I go my gums on a REO, day in and day out, it is a REO. If I want to test a juice, I use a dripper. That is awesome, simple, pretty easy.

However, I got greedy. I bid on one of those limited edition 26650 Phenoms from Vicious Ant. I got #14/300. I then bought the dedicated dripper for it, the Goliath. Too late I realized it needed a dedicated drip tip, so I bought that as well. It arrived 2 days ago.

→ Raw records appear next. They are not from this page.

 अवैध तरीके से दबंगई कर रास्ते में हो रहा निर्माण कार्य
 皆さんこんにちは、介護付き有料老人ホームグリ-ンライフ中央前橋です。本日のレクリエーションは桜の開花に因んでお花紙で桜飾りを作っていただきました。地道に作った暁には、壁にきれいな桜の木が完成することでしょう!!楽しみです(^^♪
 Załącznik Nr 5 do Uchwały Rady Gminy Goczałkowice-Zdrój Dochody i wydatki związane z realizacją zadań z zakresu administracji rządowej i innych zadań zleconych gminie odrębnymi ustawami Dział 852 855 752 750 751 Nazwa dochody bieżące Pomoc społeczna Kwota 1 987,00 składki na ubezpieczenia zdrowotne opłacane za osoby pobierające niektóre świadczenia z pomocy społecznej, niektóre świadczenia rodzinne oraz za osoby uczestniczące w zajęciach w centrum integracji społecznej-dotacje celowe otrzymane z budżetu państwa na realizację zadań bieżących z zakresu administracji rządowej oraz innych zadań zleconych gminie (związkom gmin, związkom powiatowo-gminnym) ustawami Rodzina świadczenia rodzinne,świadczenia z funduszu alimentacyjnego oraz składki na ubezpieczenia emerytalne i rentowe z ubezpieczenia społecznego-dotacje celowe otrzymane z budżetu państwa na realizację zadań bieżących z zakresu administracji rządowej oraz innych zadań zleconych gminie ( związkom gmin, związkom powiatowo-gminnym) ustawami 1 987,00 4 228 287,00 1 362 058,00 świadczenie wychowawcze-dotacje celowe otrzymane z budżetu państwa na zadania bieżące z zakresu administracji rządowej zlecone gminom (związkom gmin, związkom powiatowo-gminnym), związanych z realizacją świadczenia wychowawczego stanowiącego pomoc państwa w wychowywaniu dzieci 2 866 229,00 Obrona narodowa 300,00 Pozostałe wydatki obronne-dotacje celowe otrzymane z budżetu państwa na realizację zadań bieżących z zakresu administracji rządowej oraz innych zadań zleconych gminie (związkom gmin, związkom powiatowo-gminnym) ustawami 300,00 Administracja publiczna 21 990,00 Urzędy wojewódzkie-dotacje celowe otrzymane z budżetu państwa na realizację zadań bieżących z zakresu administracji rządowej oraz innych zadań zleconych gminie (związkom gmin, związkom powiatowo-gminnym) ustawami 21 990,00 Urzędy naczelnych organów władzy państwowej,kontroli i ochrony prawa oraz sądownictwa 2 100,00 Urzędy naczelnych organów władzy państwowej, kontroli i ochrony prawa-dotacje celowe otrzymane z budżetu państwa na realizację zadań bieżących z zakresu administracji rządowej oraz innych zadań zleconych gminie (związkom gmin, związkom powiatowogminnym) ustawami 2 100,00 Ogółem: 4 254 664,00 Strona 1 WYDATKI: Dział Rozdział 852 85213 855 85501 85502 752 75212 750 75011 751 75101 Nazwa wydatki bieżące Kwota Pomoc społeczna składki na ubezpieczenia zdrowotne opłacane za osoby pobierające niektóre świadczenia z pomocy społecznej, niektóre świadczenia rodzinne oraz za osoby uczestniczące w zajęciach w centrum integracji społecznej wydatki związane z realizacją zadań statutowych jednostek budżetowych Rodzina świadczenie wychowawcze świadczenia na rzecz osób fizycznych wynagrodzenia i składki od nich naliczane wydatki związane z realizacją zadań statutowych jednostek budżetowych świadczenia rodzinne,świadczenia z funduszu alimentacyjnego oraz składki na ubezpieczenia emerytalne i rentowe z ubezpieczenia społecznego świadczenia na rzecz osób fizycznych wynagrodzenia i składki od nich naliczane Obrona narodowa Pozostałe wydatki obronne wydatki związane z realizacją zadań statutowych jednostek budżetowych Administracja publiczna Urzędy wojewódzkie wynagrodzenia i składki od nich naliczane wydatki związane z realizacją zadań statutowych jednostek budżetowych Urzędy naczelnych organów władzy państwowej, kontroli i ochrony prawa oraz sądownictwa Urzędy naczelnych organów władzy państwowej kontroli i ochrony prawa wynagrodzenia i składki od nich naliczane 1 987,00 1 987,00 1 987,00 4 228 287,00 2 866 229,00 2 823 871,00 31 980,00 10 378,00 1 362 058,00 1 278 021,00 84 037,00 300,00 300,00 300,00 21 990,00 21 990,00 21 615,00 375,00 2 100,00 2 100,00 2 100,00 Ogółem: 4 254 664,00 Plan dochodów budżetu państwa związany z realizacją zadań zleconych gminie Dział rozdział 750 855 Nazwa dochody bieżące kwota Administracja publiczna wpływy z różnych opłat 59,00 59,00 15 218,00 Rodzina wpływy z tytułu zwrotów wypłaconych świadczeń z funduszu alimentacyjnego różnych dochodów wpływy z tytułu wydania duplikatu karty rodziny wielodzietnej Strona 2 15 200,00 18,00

Now, I might be able to coil up a dual coil for my REO, the Cyclone is fairly easy. This Goliath though, it's an 8 coil monster. I got it up to 8 coils but it would not fire. I figured I might need to tighten down on the screws, bang, they break. After making about 20 coils and getting nowhere I decided to ask you all if one of you would like the challenge of getting this monster to fire. If you can, I will gift you a genuine VA Chaplin Drip Tip worth about R200.... I have them in a few colours as well.

I will be at Vapecon tomorrow, I have a stand there (Vape Decadence). Ask for Brian.....

This is my challenge:


----------



## WHITELABEL (29/5/15)

@shaunnadan would love this.

Reactions: Like 1


----------



## BigAnt (29/5/15)

@BigB I am always up for a challenge.

@Paulie I found your "holy grail" dripper ...... now to convince @BigB to part with it .

Reactions: Like 1 | Funny 2


----------



## Frank Zef (29/5/15)

Grimm Green talks about this RDA in his latest VLOG (near the end) and explains the Kanthal cutting coil screws.
Here's the link,

Reactions: Like 1 | Agree 1


----------



## shaunnadan (29/5/15)

I'm always game for some building

Will come see you bright an early

Reactions: Like 2


----------



## BigB (29/5/15)

shaunnadan said:


> I'm always game for some building
> 
> Will come see you bright an early



Bright and early is dependent on flights being on time and traffic  Lucky I come from the JHB area so I am not too scared of travel and getting lost but wow, that is a very busy area. We land at 07H40 and still need to get the hire car. My brother in law will be there though  Look forward to seeing you............

Reactions: Like 1


----------



## shaunnadan (29/5/15)

Ar


BigB said:


> Bright and early is dependent on flights being on time and traffic  Lucky I come from the JHB area so I am not too scared of travel and getting lost but wow, that is a very busy area. We land at 07H40 and still need to get the hire car. My brother in law will be there though  Look forward to seeing you............




Are you landing at lanseria or or tambo ? 

Traffic should be quiet since it's the weekend, maybe a bit of a delay in William nicol but that's an everyday issue, lol


----------



## BigB (29/5/15)

shaunnadan said:


> Ar
> 
> 
> 
> ...



Tambo sadly. Lanseria would have been so much easier.... Flying SAA though so they are usually slightly more on time than the other carriers. Looking forward to meeting you all. Need to switch off now, leaving early to the airport.....


----------



## shaunnadan (30/5/15)

Safe flight buddy


----------